Supplied information Block Start

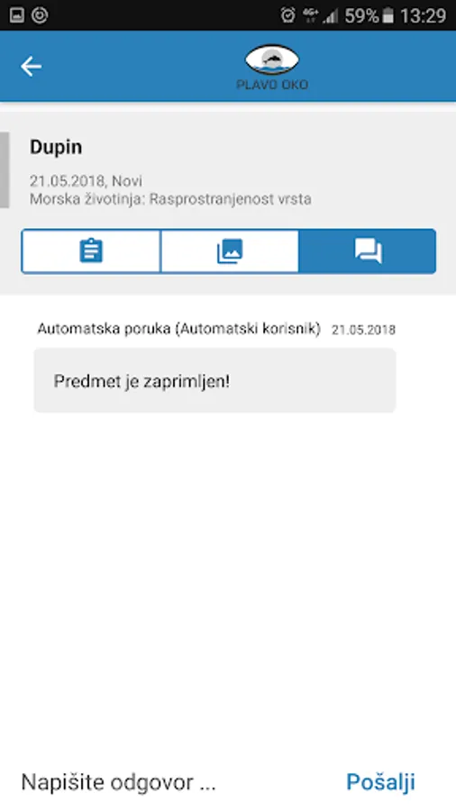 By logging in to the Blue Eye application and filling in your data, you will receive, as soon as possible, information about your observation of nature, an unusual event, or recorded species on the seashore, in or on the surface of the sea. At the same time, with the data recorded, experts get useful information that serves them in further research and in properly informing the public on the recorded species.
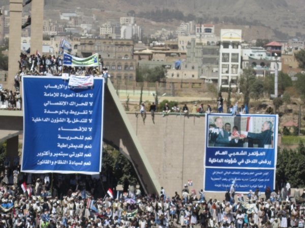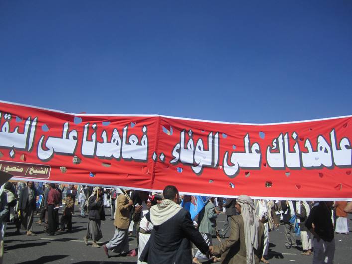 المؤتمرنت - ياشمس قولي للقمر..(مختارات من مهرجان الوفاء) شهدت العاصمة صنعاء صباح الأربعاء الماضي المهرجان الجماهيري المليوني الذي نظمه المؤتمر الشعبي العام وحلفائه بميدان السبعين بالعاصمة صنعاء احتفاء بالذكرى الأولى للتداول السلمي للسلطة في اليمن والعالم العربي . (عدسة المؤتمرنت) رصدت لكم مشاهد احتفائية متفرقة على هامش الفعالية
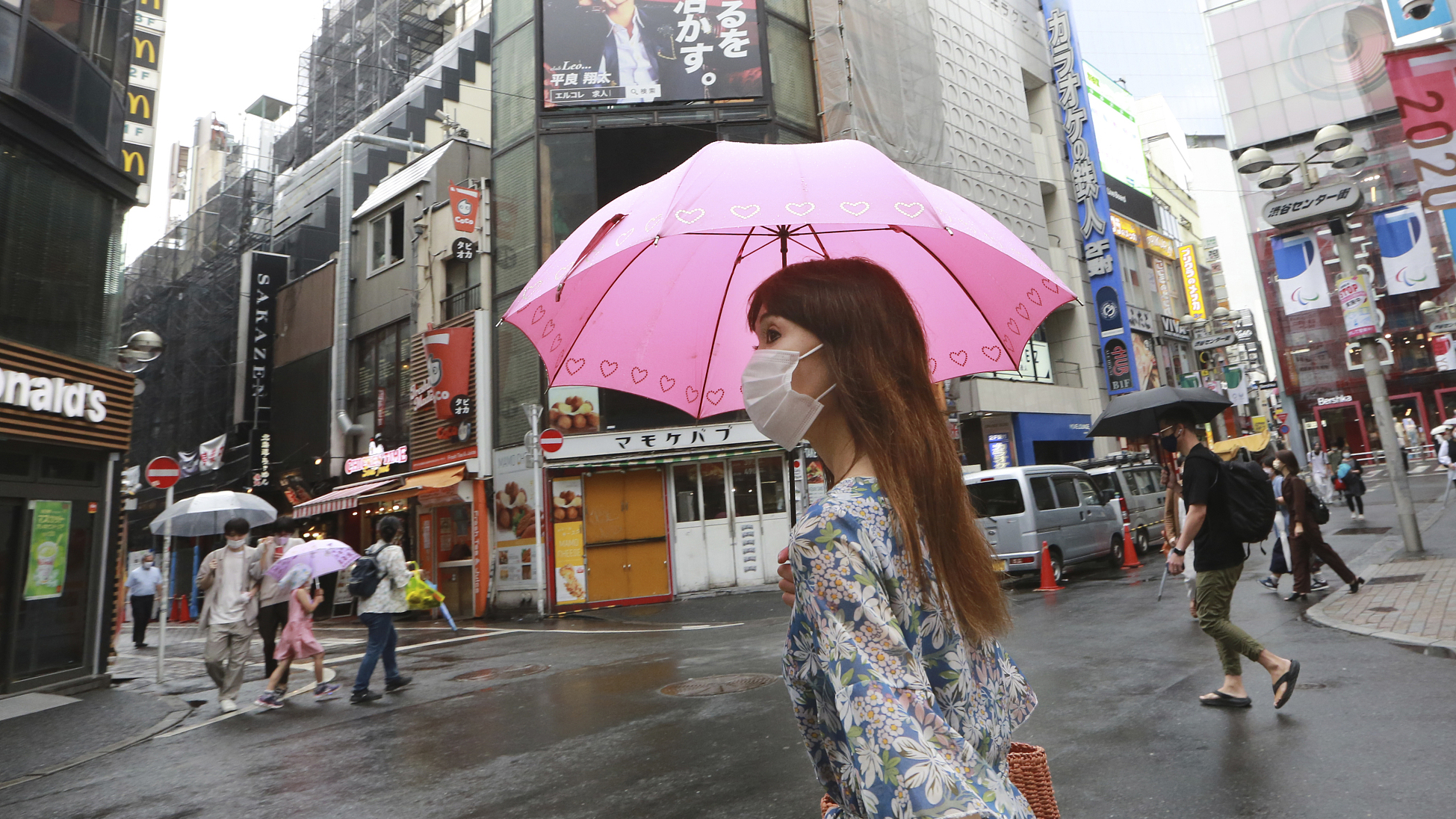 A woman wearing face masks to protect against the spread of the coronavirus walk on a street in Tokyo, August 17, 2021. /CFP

Supplied information Block End

- Assignment
Repeat the listing in full and exactly. Do not include any images.

- Task answer
 By logging in to the Blue Eye application and filling in your data, you will receive, as soon as possible, information about your observation of nature, an unusual event, or recorded species on the seashore, in or on the surface of the sea. At the same time, with the data recorded, experts get useful information that serves them in further research and in properly informing the public on the recorded species.
 المؤتمرنت - ياشمس قولي للقمر..(مختارات من مهرجان الوفاء) شهدت العاصمة صنعاء صباح الأربعاء الماضي المهرجان الجماهيري المليوني الذي نظمه المؤتمر الشعبي العام وحلفائه بميدان السبعين بالعاصمة صنعاء احتفاء بالذكرى الأولى للتداول السلمي للسلطة في اليمن والعالم العربي . (عدسة المؤتمرنت) رصدت لكم مشاهد احتفائية متفرقة على هامش الفعالية
 A woman wearing face masks to protect against the spread of the coronavirus walk on a street in Tokyo, August 17, 2021. /CFP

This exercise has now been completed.